= Soulz at Zero =

Electronic literary art group

Soulz at Zero (SAZ) was a lit group formed in 1994 by Jack Flack (Rob O'Hara) and The Stranger (Stephen Alba). SAZ released 25 monthly packs over a period of two years, beginning in September 1994 and ending in September 1996. The group took its name from a Souls at Zero poster Flack had in his bedroom at the time, with the trailing "s" in "Souls" changed to a "z". Soulz at Zero was so well known that their name was added to the "Elite Acronym List," which was used to separate "lamers" from "elite users."

In the 1990s, several ANSI art groups began including "lits" (electronic literary art) in their packs. Expanding on that idea, Soulz at Zero became the first dedicated online lit group. Each Soulz at Zero pack contained several original horror-themed poems and short stories. Each pack also contained an issue of "The Death Certificate," an original nonfiction magazine which included horror-related news, articles, book and movie reviews, and interviews. Soulz at Zero's innovation was the addition of ANSI artwork, color, and VGA graphics, although the focus of the group was focused on original fiction. The packs were designed to be viewed with an included viewer, which no longer runs on modern operating systems.

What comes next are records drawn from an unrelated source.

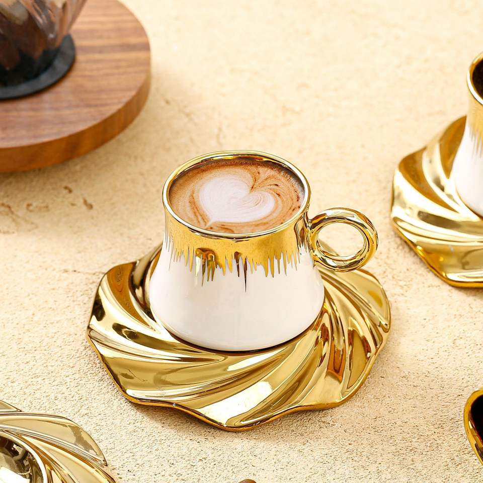 Forme:Tasses en céramique Gold Edge avec soucoupes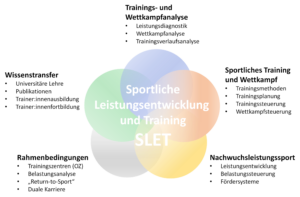 Der Forschungsschwerpunkt (FS) SLET beschäftigt sich mit der sportlichen Leistungsentwicklung im Training und Wettkampf. Ein spezieller Fokus wird in diesem Zusammenhang auch auf den Nachwuchsleistungssport gelegt.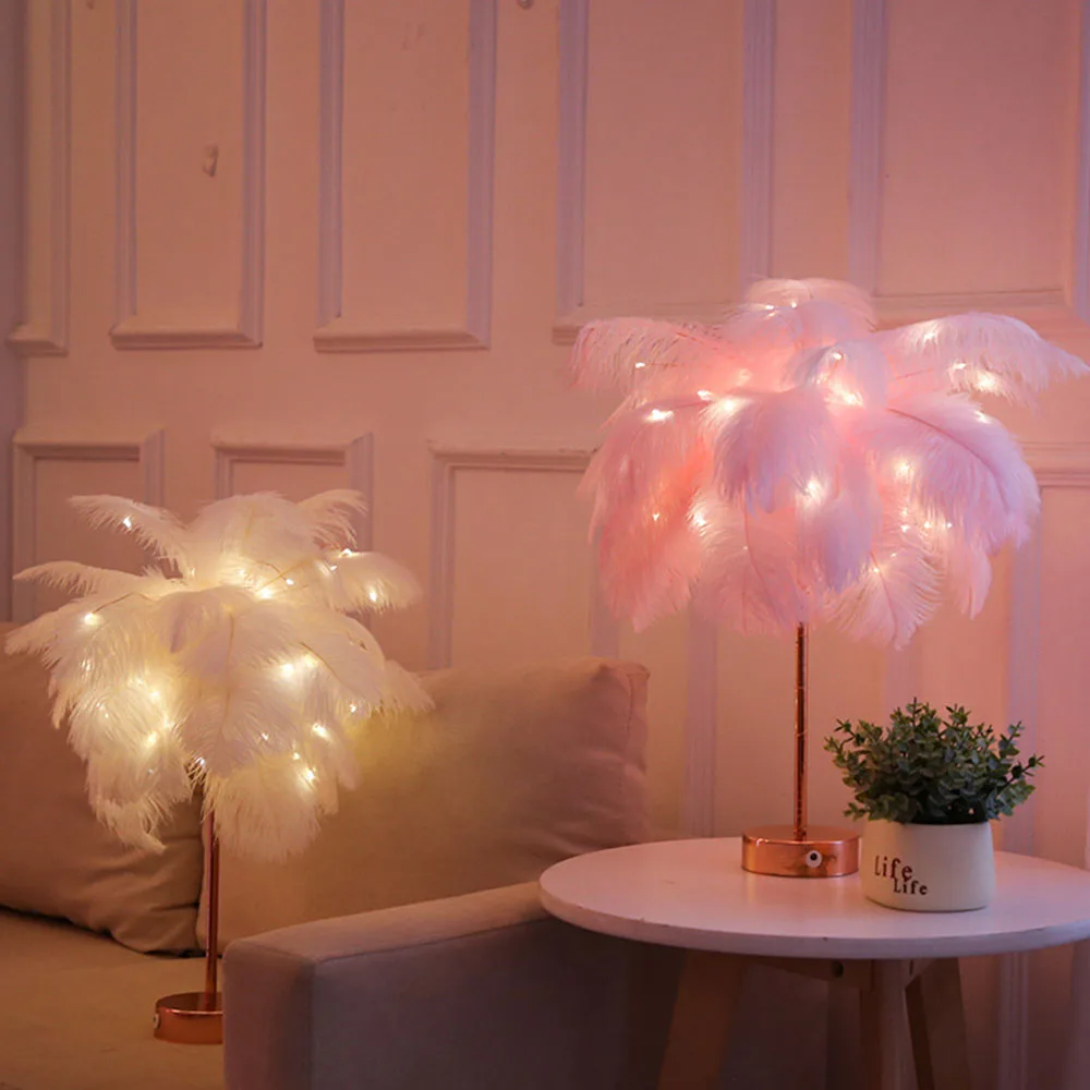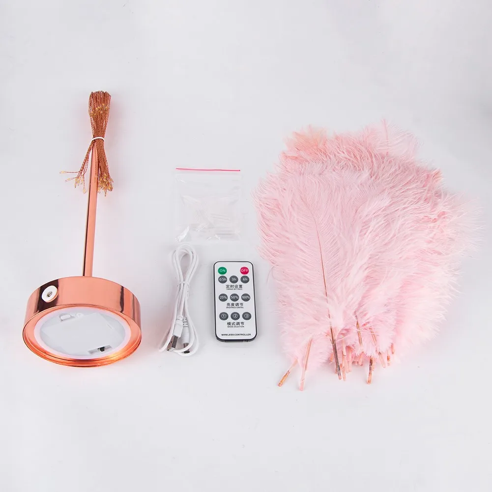 Ночной светильник с железным пером для кровати с пультом дистанционного управления, волшебная медная лампа с питанием от USBAAA батареи, перьевой абажур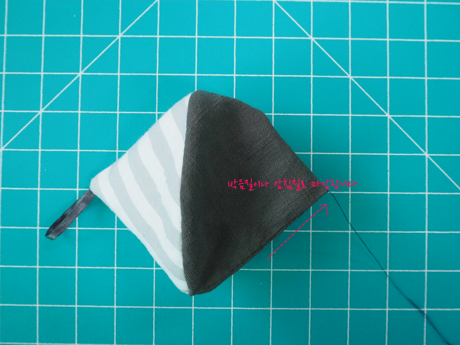 7. 그림처럼 창구멍을 남기고 박음질합니다.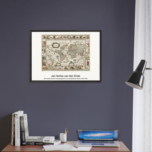 Nova totius terrarum orbis geographica ac hydrographica tabula (1635-1649) by Jan Aertse van den Ende. Archival Print on Museum Quality Matte Paper. Premium Wood Framed Wall Art. Original Aspect Ratio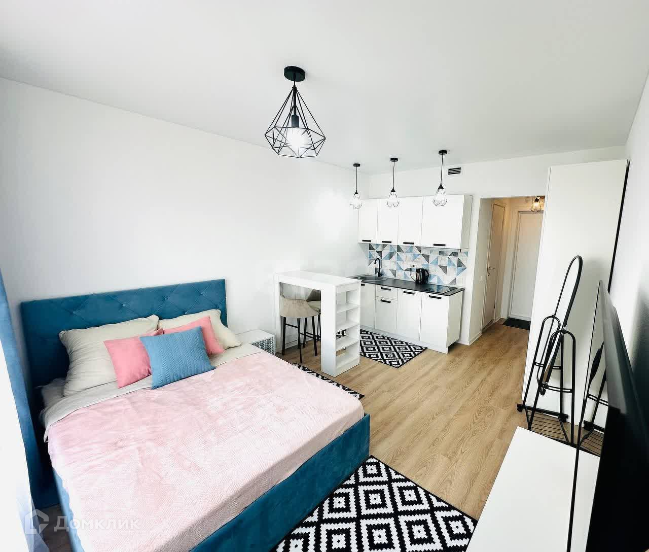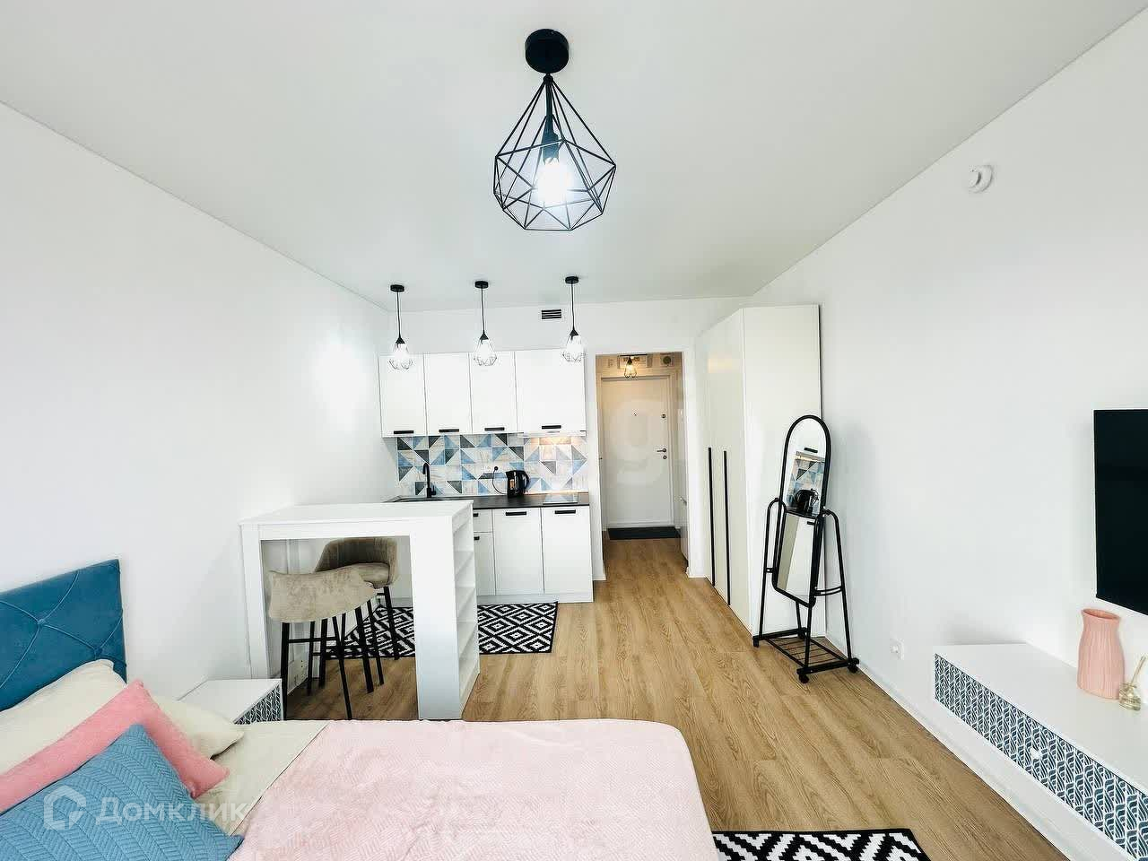 Эта квартира полностью готова к вашему заселению: здесь есть всё необходимое для комфортного проживания. Все предметы мебели и бытовая техника абсолютно новые! В вашем распоряжении — просторная кровать, обеденная зона, стильный кухонный гарнитур. Окна выходят на улицу, что обеспечивает хорошее освещение и свежий воздух.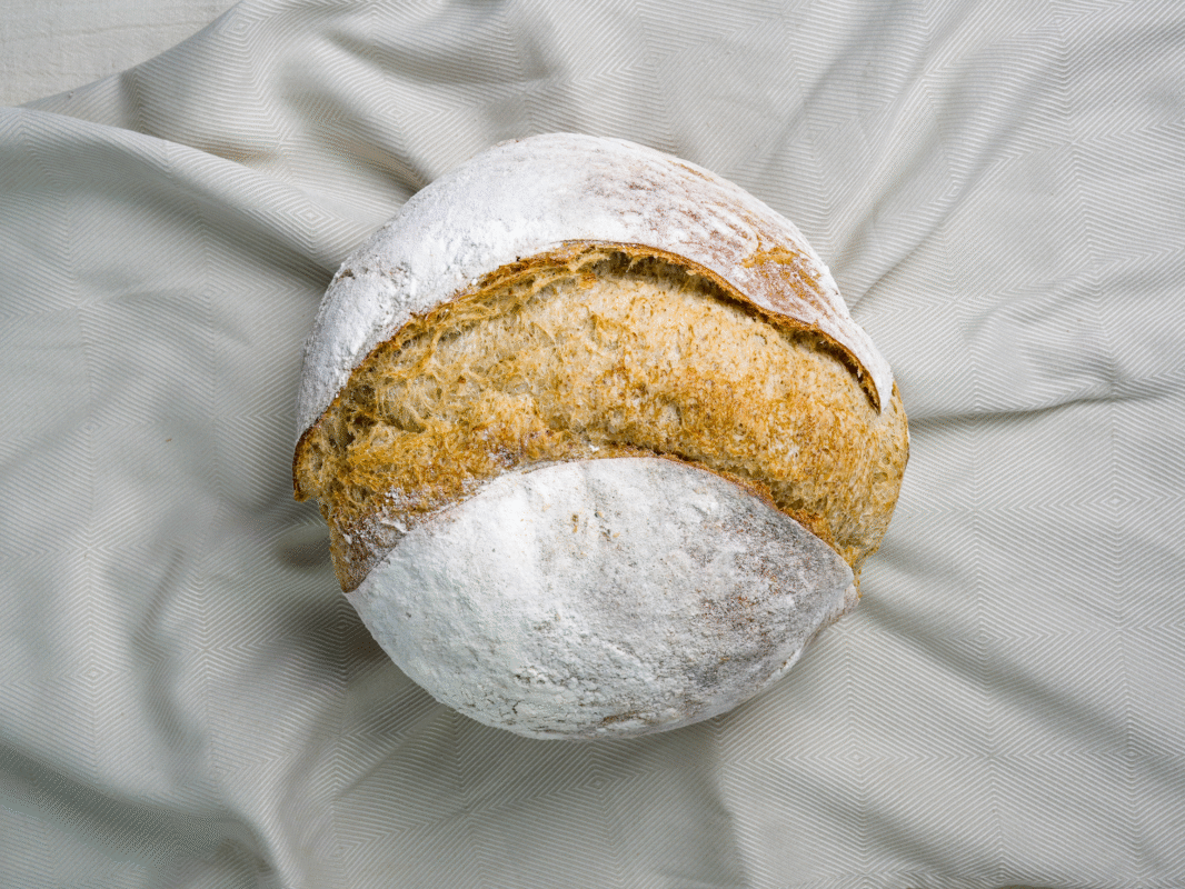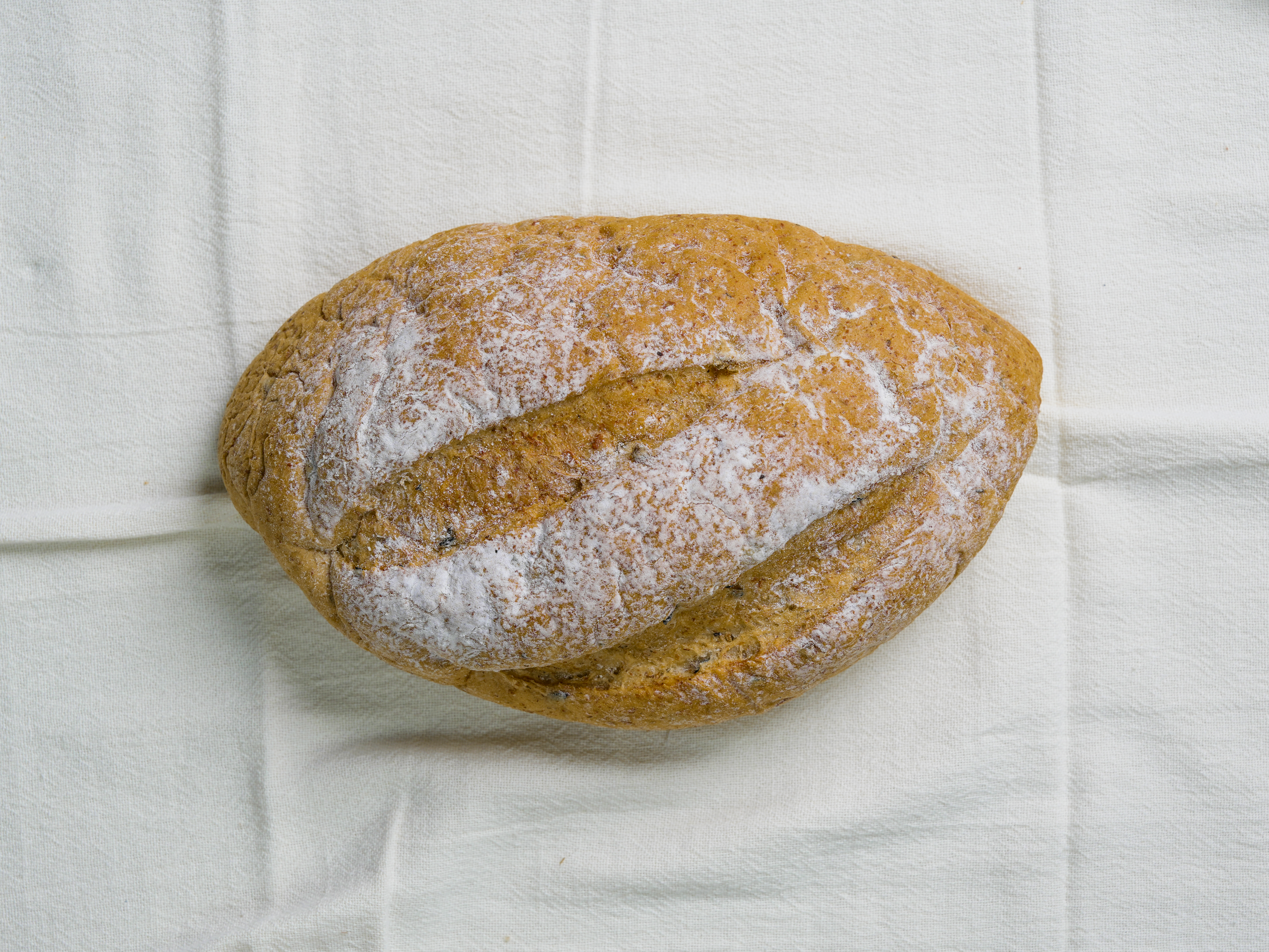 Rustic loaf made with natural flour, olive oil, green and black olives, and a touch of sea salt – soft,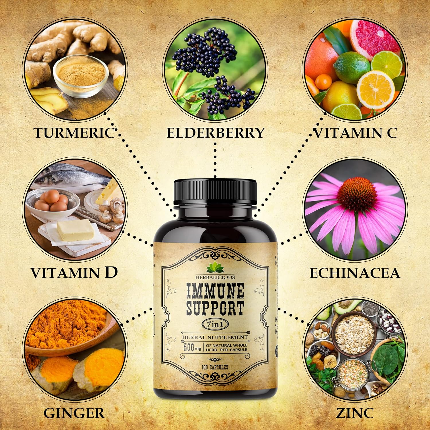 Shore Up Your Defenses – Bolster your immune system. Our natural 7-in-1 immune booster vitamin dietary supplements are powered by vitamin C and zinc, vitamin D3, elderberry, echinacea, turmeric, and ginger.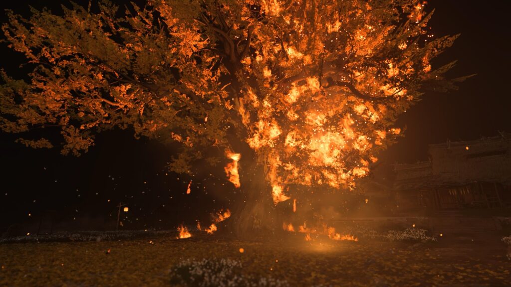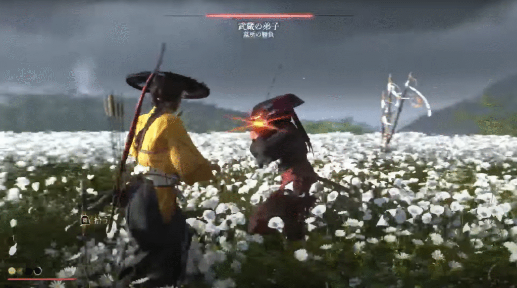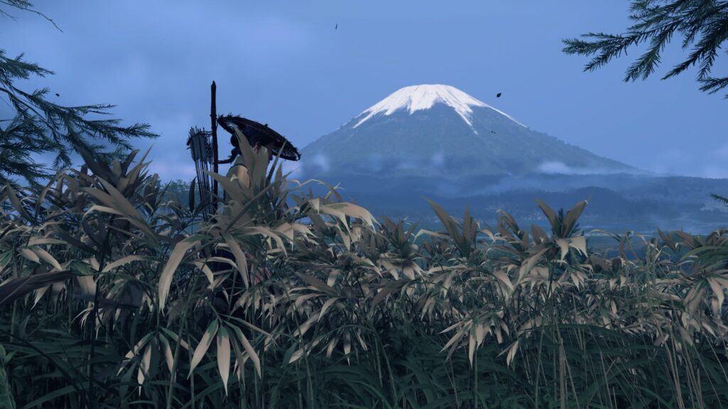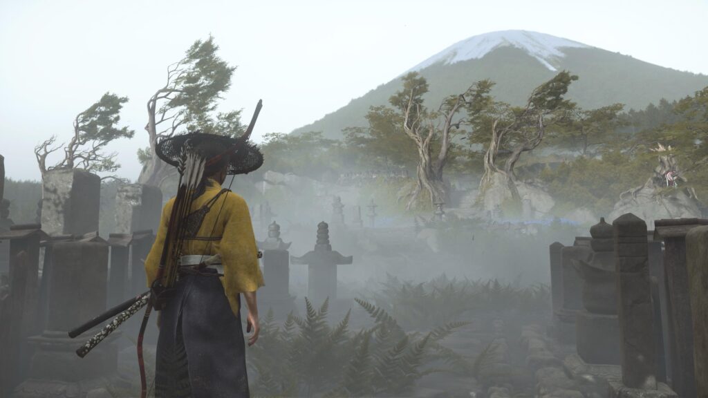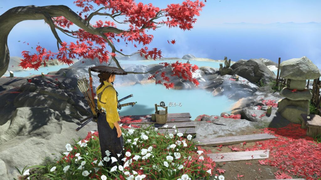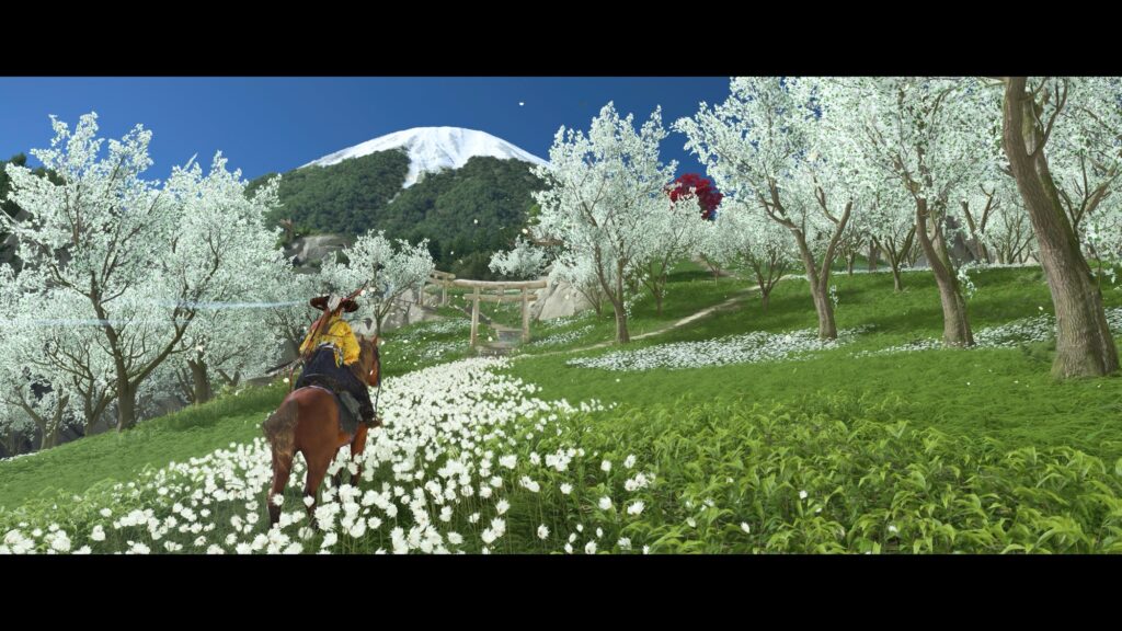 まだ序盤のエリアですが、現時点でもかなり色彩豊かで様々な風景を楽しむ事ができ、風にそよぐ草木や舞う花ビラなどの動的な演出は、馬に乗って走り回っているだけでも景色の綺麗さに圧倒されます。前作の『Ghost of Tsushima』でも同様に風景の豊かさなどは高いクオリティで表現されていましたが、オブジェクトなどの書き込みはやや粗くなっていました。しかし今作ではPS5によりマシンスペックが向上したおかげか、細かな部分も精細に書き込まれている印象です。勿論より綺麗なグラフィックのゲームは存在すると思いますが、本作の臨場感を味わうには十分なクオリティに感じられます。

Soulz at Zero packs were distributed via BBS. Each month, readers could download new SAZ packs from either Where Shadows Wait (WHQ, run by The Stranger) or The Gas Chamber (US HQ, run by Jack Flack). As popularity of the group grew, so did its number of distribution sites. Before its demise, SAZ had member boards in over a dozen states and several countries including Canada and Portugal. With the introduction and growing popularity of the World Wide Web to the masses, Soulz at Zero slowly began to make the transition from the BBS world to the web. SAZ eventually added a web site and an FTP site to its official distribution points. In September 1996 Soulz at Zero released its last pack and disbanded, citing burnout and a general lack of public feedback/interest.

In 2002, online lit group Candelabra (CND) released a Soulz at Zero spotlight that included new work from former members of SAZ, along with audio (mp3) readings, audio commentaries, and an audio history of the group as told by Jack Flack and The Stranger. The audio history was reused in the Soulz at Zero episode of You Don't Know Flack.

== Packs ==
Each Soulz at Zero pack consisted of four types of original files: poetry, short stories, multimedia files, and the Death Certificate. Poems were usually non-rhyming, horror themed, and contained ANSI color. Short Stories were also horror related, but usually did not contain any ANSI color enhancements. Media Files included VGA pictures and occasionally WAV files. This was done as an attempt to win cross-over fans from the ANSI art. The Death Certificate was The Stranger's monthly non-fiction horror newsletter, which contained reviews and interviews.

== Members ==
Soulz at Zero was founded by Jack Flack and The Stranger, who formed a friendship in high school over their common interests in heavy metal music and horror books and movies.

Jack Flack (Rob O'Hara) was an original member of TBH405 (The Brotherhood of 405) and founded SiTH (Sick in the Head) e-zine. O'Hara has written articles for IGN, 2600: The Hacker Quarterly, the Cult of the Dead Cow, and contributed to the O'Reilly book Retro Gaming Hacks. Flack has self-published two books, Commodork: Sordid Tales from a BBS Junkie and Invading Spaces: A Beginner's Guide to Collecting Arcade Games. Flack blogs regularly at RobOHara.com.

The Stranger (Stephen Alba) has self-published several books through Lulu and is currently a second grade teacher at Northridge Elementary in the Putnam City School District.

The first of several SAZ packs consisted of only Jack Flack and The Stranger. The next two members to be added were Black Sunshine and Deranged.